La pauvreté et, dans l’épisode évoqué, la faim obligent à une lutte de chaque jour, de chaque instant : « Ce monde des algorithmes transforme notre instabilité passagère en désespoir permanent ». La pauvreté oblige à la docilité, elle oblige à rester aux aguets, sur le qui-vive. Le comble est qu’il faut payer pour obtenir les bons algorithmes et trouver un travail pour chaque jour. Mais heureusement pour Courtès, le prix de cette pauvreté est allégé par la pratique de l’écriture. Erri De Luca disait en gros la même chose quand il traduisait la Bible hébraïque avant de se rendre sur ses chantiers de maçon ou de terrassier.
Courtès s’efforce de rester bien habillé ; il souffre du dos, des mains, des jambes, mais il tait cette douleur, et fréquente peu les médecins. Il a été un enfant et un adolescent heureux, il a partagé une existence paisible avec ses camarades de la campagne qui tous travaillaient de leurs mains, et ses mains à lui sont des « mains d’œuvre », qu’il s’agisse de tenir un stylo ou un marteau comme avant son Rolleiflex. Courtès est de ce temps où l’on parlait de politesse et non de ce vague « vivre ensemble » qu’on nous sert comme le reste dans de la com’. Les cadres sont « cool » et leur travail peu salissant.
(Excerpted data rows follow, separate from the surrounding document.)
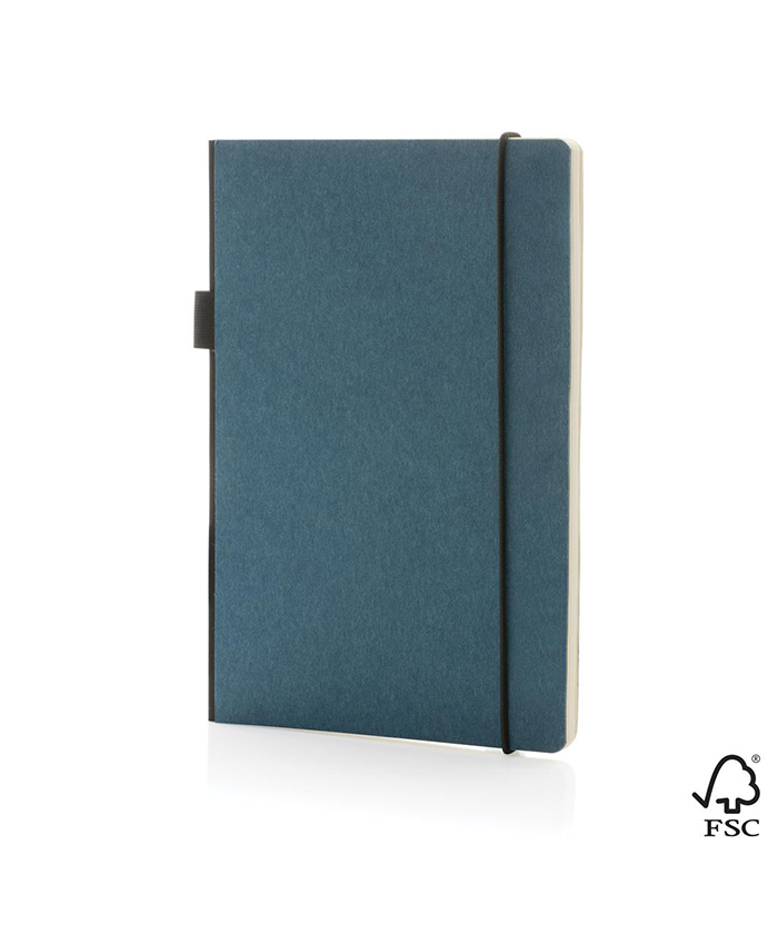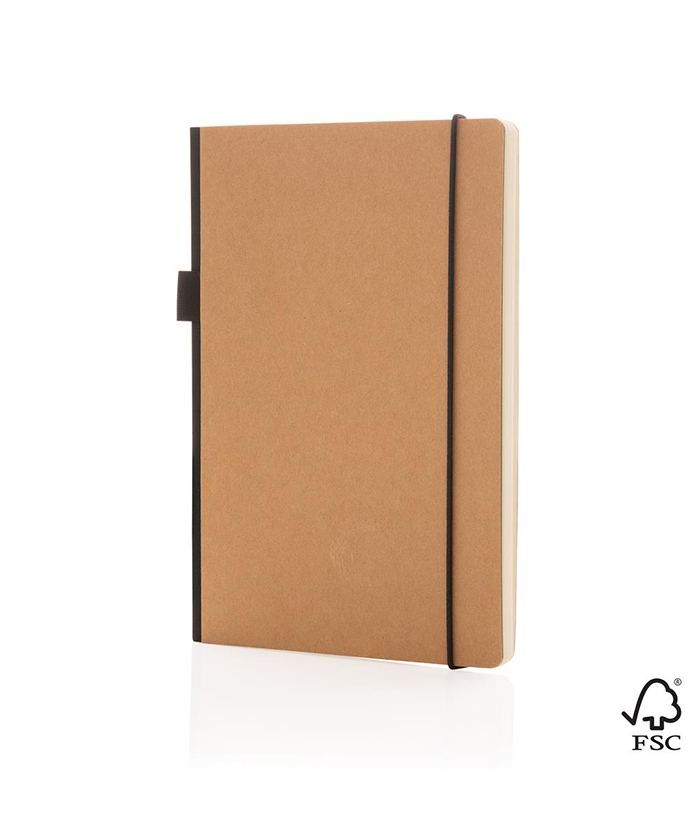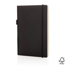 Този FSC® делукс тефтер разполага с FSC-сертифицирана твърда хартиена корица с еластична примка за писалка и отбелезалка за страници в подходящ черен цвят.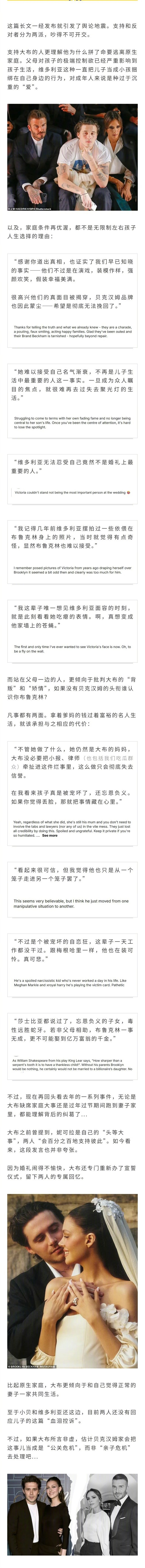 太炸了...贝克汉姆大儿子发长文血泪控诉,称自己和父母永远不会和解。他提到一家人情感虚伪只为商业考虑,长期对孩子施加控制,实锤了贝嫂抢他和老婆婚礼上的首舞,父母甚至逼他弃贝家姓...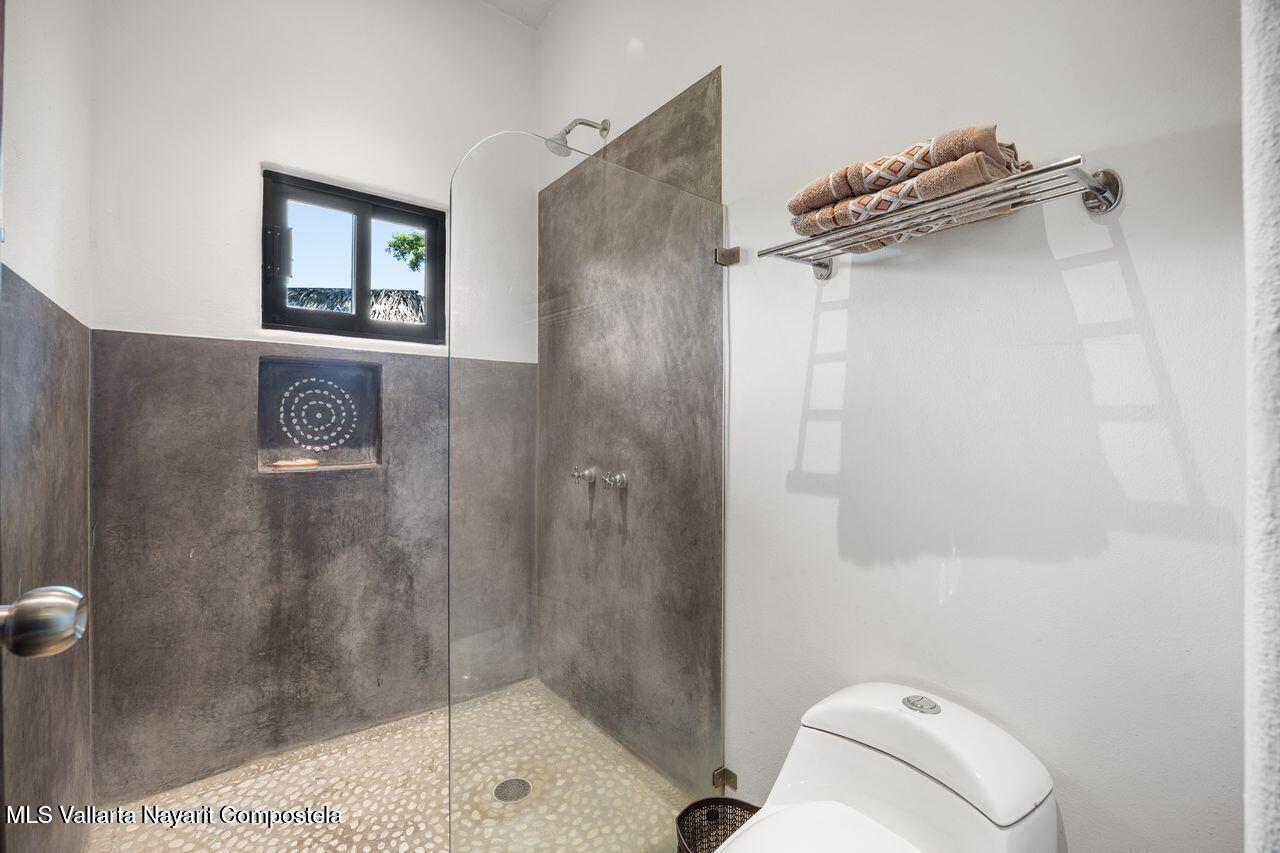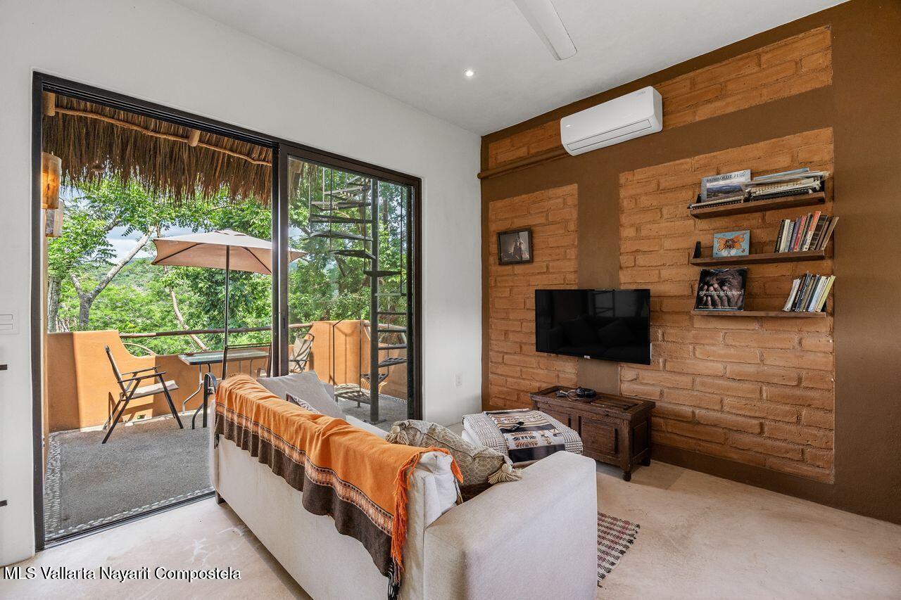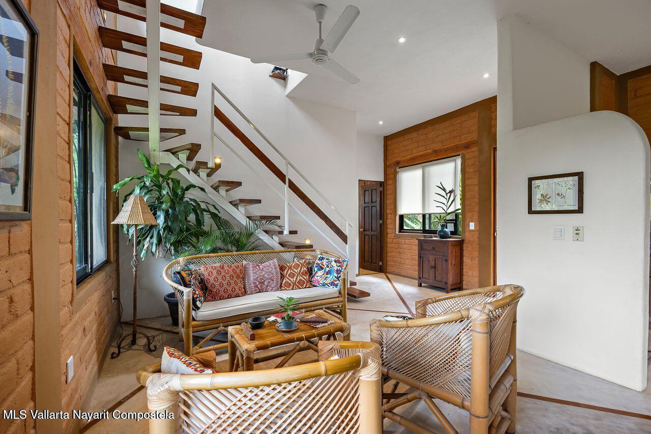 Casa de los Pajaros is a peaceful multi-unit retreat nestled next to the Tierra Tropical Polo Club in San Pancho. Situated on an 870 m lot, the property features approximately 400 m of construction spread across three buildings. Two buildings house four fully furnished one-bedroom apartments, each with a full kitchen, living area, private bedroom, and bathroom–perfect for guests or rental income. The main two-story residence includes an open-concept kitchen and living space, a half bath, and a laundry/storage room. Upstairs, the master suite offers a walk-in closet, an office nook, and a balcony leading to a rooftop terrace with stunning jungle and polo field views.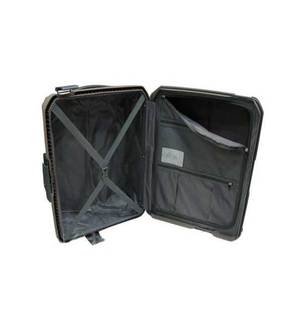 Чемодан изготовлен из прочного и легкого материала - полипропилен, который характеризуется высокой гибкостью и устойчивостью к механическим повреждениям, что является важным фактором во время авиаперелетов.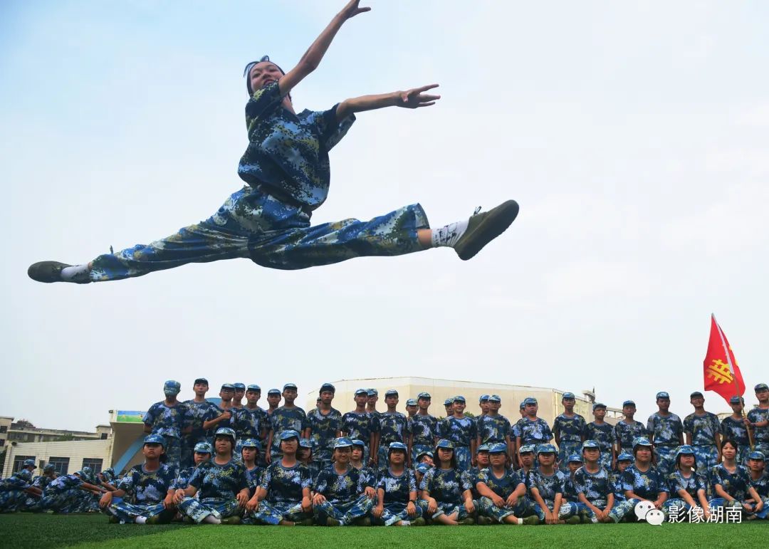 ▲2021年9月6日,嘉禾县第五中学田径场,学生在军训间隙跳舞娱乐。

Courtès décrit avec précision et vigueur cette mécanique d’apparence fluide.
La vraie souffrance qu’il connaît est autre. Il est seul, a du mal à entretenir des relations sociales sans se sentir vaguement honteux ou coupable. Le pire est la séparation d’avec ses enfants. Ils sont partis avec leur mère au Québec, sa fille ne veut pas entendre parler de lui, ne lit aucun de ses romans. Son fils…
Les bonnes raisons de lire À pied d’œuvre ne manquent pas. C’est un récit qui dérange, irrite, blesse. C’est un livre courageux, écrit dans l’adversité du quotidien, de la fatigue, des souffrances. L’auteur évoque son grand-père qui s’était évadé plusieurs fois du Stalag sans y voir du courage. Courtès, lui, ne se sent « ni con ni courageux ». On peut le démentir sur le second adjectif.